Dieses Verhalten ist Reachers Sache nicht. Er klopft lieber auf den Busch und beobachtet die Schlangen, die darunter hervorkriechen. So kommt es zunächst zu einer ersten Konfrontation mit den „Romford Boys“. Er hat Gelegenheit, seinen künftigen Gegenspieler Little Joe zu studieren. Little Joe macht seinem ironisch vergebenen Namen alle Ehre: Er ist über zwei zwanzig hoch, besitzt Hände wie Schaufeln und Füße wie ein Elefant – kurzum: Er ist ein Riese. Aber Reacher ist ja bekanntlich auch nicht gerade ein Zwerg: Schon vom ersten Augenblick war mir klar, dass die beiden Riesen füreinander bestimmt sind. Ein Showdown ist unausweichlich.

Die Bohnenranke hoch

Bennett hat natürlich einen Ausguck ganz in der Nähe von Little Joes noblem Hauptquartier. Joe verdient ganz gut als Handlanger für seine drei Chefs, die sich in fortgeschrittenem Alter längst nicht mehr die Finger schmutzig machen wollen. Befindet sich John Kott wirklich als Gast in Joes überdimensionalem Haus, wie Bennett behauptet?

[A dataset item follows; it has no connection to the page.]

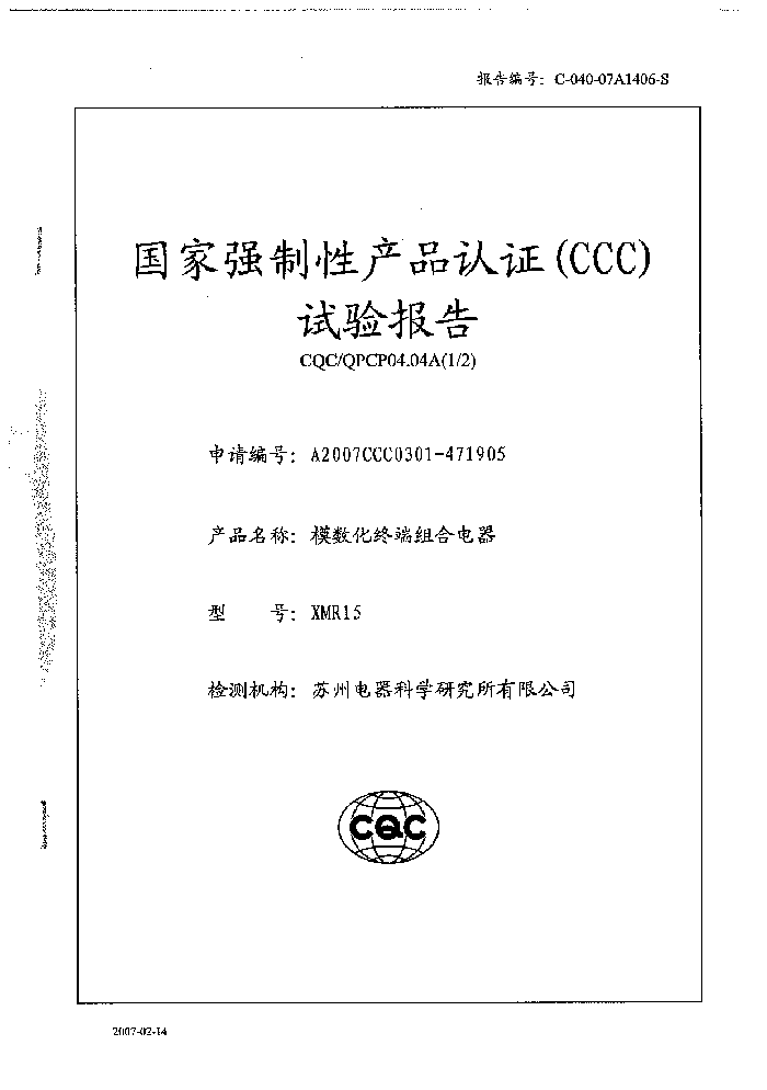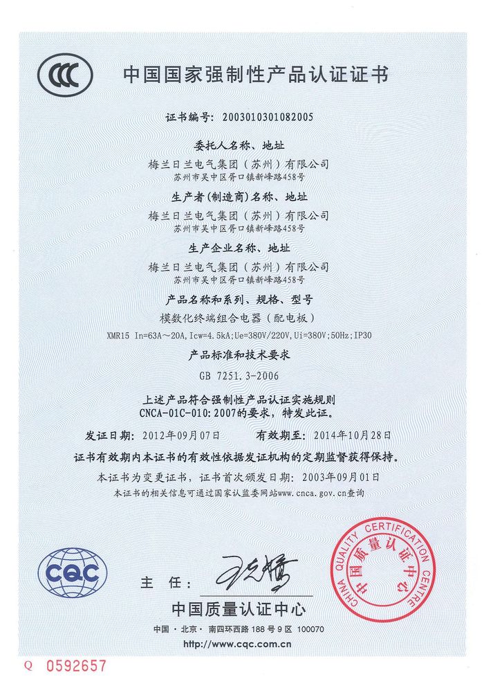 (成套)XMR15 模數化終端組合電器資質證書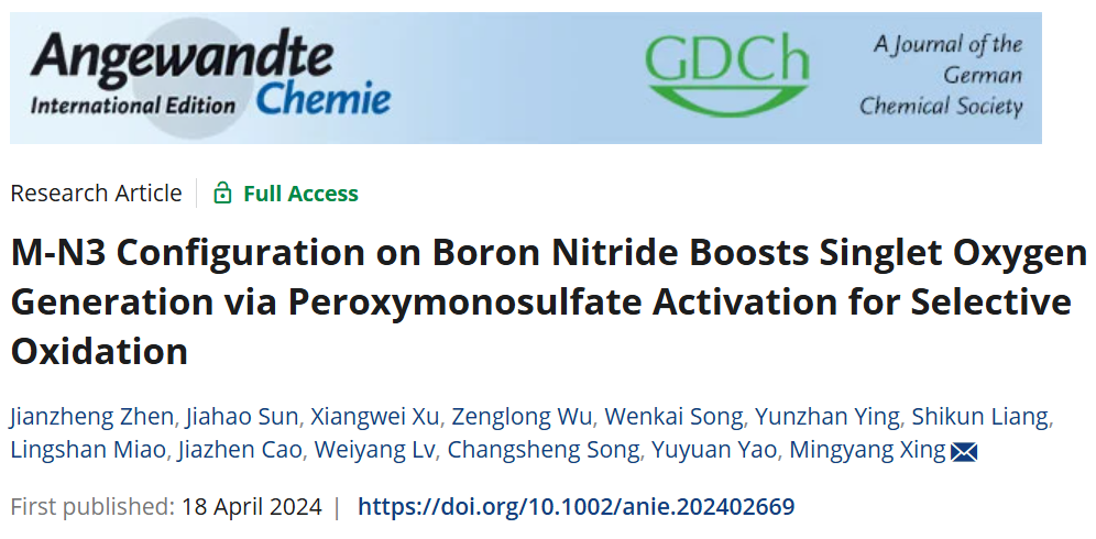 青年教师吕维扬、姚玉元团队和宋昌盛团队在国际权威学术期刊《德国应用化学》(Angewandte Chemie International Edition, Angew. Chem. Int. Ed.)上,发表了题为“M-N3 configuration on boron nitride boosts singlet oxygen generation via peroxymonosulfate activation for selective oxidation”的研究论文。黑沼泽俱乐部

Aber Joe ist auch nicht auf den Kopf gefallen. Das macht sein unerwarteter Besuch im Ausguck deutlich. Reacher bleibt wie stets unerschrocken und geht zum Gegenangriff über. Als würde er seinem legendären (oder märchenhaften) Vorbild Jack nacheifern, klettert er quasi die Bohneranke hinauf und dringt in das Haus des Riesen ein, um Kott zu suchen. Mit Little Joe hatte Jack ein wenig Mühe, aber Größe lässt sich im Kampf durch Wendigkeit wettmachen.

Das betreten von Joes Riesenhaus führt zu einer gerade phantasmagorischen Verzerrung der Wirklichkeit. Alles ist eineinhalb Mal so groß wie gewohnt: die Treppenstufen verlangen Bergsteigerqualitäten, die Türen machen ein Mann winzig, die Türgriffe gleichen denen an einem Bügeleisen, und dann erst die verzerrenden Spiegel! Sie führen den Eindringling vollends in die Irre und drohen ihn um den Verstand zu bringen. Diese Szene ist in ihrer Surrealität von wirklich bemerkenswerter Eindrücklichkeit und dürfte in Childs Romanen einzigartig sein.

Dass sich Kott schließlich die wehrlose Agentin Nice schnappt, dürfte wohl jeder gewiefte Thriller-Leser vorausgesehen haben. Das ist eine Standardsituation wie aus dem Lehrbuch für angehende FBI-Agenten. Wie setzt man einen Gegner außer Gefecht, der eine Geisel in seiner Gewalt hat. Nun, zusammen mit der nicht ganz so wehrlosen Geisel findet Jack Reacher auch für dieses Problem eine zufriedenstellende Lösung.

Damit ist der Roman keineswegs zu Ende. Denn sind da nicht ein paar Fragen zuviel offen, hm? Da war die Sache in Paris, dann die Ungereimtheiten mit dem Panzerglas und schließlich entpuppte sich ein geplanter Anschlag auf die Tagungsstätte des G8-Gipfels als Ding der Unmöglichkeit. Was kann also wirklich hinter Reachers Auftrag gesteckt haben? Die letzte Szene verrät es uns.

Unterm Strich

Obwohl die Handlung an manchen Stellen deutlich an Action und Spannung zu wünschen übrig lässt und erst spät in Fahrt kommt, sorgen doch Konfrontationen und unerwartete Gewaltausbrüche im Leser immer wieder für willkommene Adrenalinschübe. Der kenntnisreiche Reacher-Fan weiß inzwischen – die ist ja immer Roman Nr. 19 – , dass es die Eigenart des Autors ist, stets ganz kühl und methodisch Vorarbeit zu leisten, bis es zu der ersten Konfrontation kommt.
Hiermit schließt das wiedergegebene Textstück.